Distributed Inference#

Some language models including DeepSeek V3, DeepSeek R1, etc are too large to fit into GPus on a single machine, Xinference supported running these models across multiple machines.

Added in version v1.3.0.

Supported Engines#

Now, Xinference supported below engines to run models across workers.

  • SGLang (supported in v1.3.0)

  • vLLM (supported in v1.4.1)

  • MLX (supported in v1.7.1), MLX distributed currently does not support all models. The following model types are supported at this time.

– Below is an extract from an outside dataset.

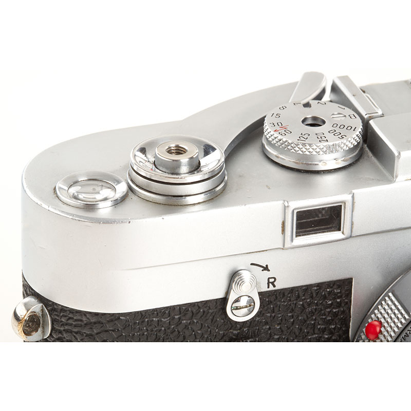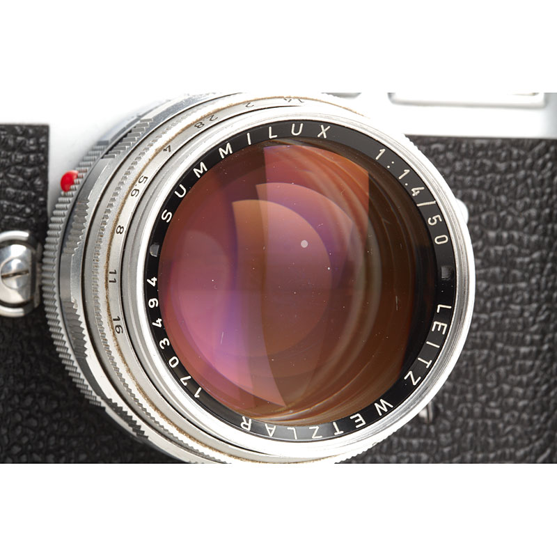 heavy used outfit including camera in working order, Summilux 1.4/50mm no.1703494 (cap, UV filter, yellow filter, XOOIM hood), Summaron 2.8/35mm no.1679150 (caps, filter, IROOA hood), Elmar 4/135mm no.1774683 (filter, caps, IUFOO hood) and Leicameter MC no.92521 (operable)

If you have additional requirements, feel free to submit a GitHub issue at xorbitsai/inference#issues to request support.

    • DeepSeek v3 and R1

    • Qwen2.5-instruct and the models have the same model architectures.

    • Qwen3 and the models have the same model architectures.

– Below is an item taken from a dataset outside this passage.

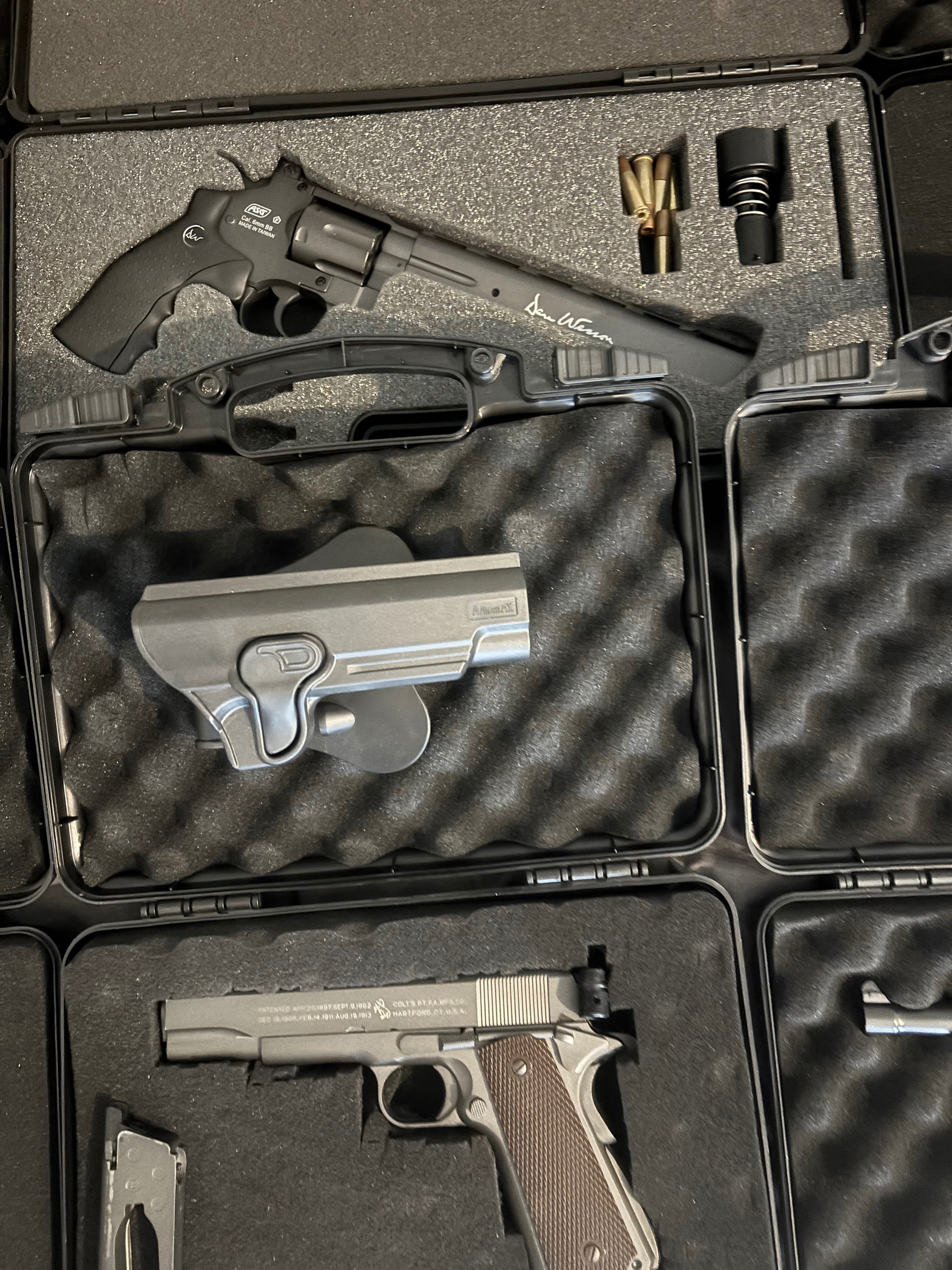 Ik ga stoppen met airsoft dus hierbij bied ik mijn collectie aan Air soft pistolen. Wel alles in één keer en het liefst ophalen. Die door gekrast is nog te koop de Russische officiers pistool

    • Qwen3-moe and the models have the same model architectures.

Usage#

First you need at least 2 workers to support distributed inference. Refer to running Xinference in cluster to create a Xinference cluster including supervisor and workers.

Then if are using web UI, choose expected machines for worker count in the optional configurations, if you are using command line, add --n-worker <machine number> when launching a model. The model will be launched across multiple workers accordingly.

actor

GPU count on web UI, or --n-gpu for command line now mean GPUs count per worker if you are using distributed inference.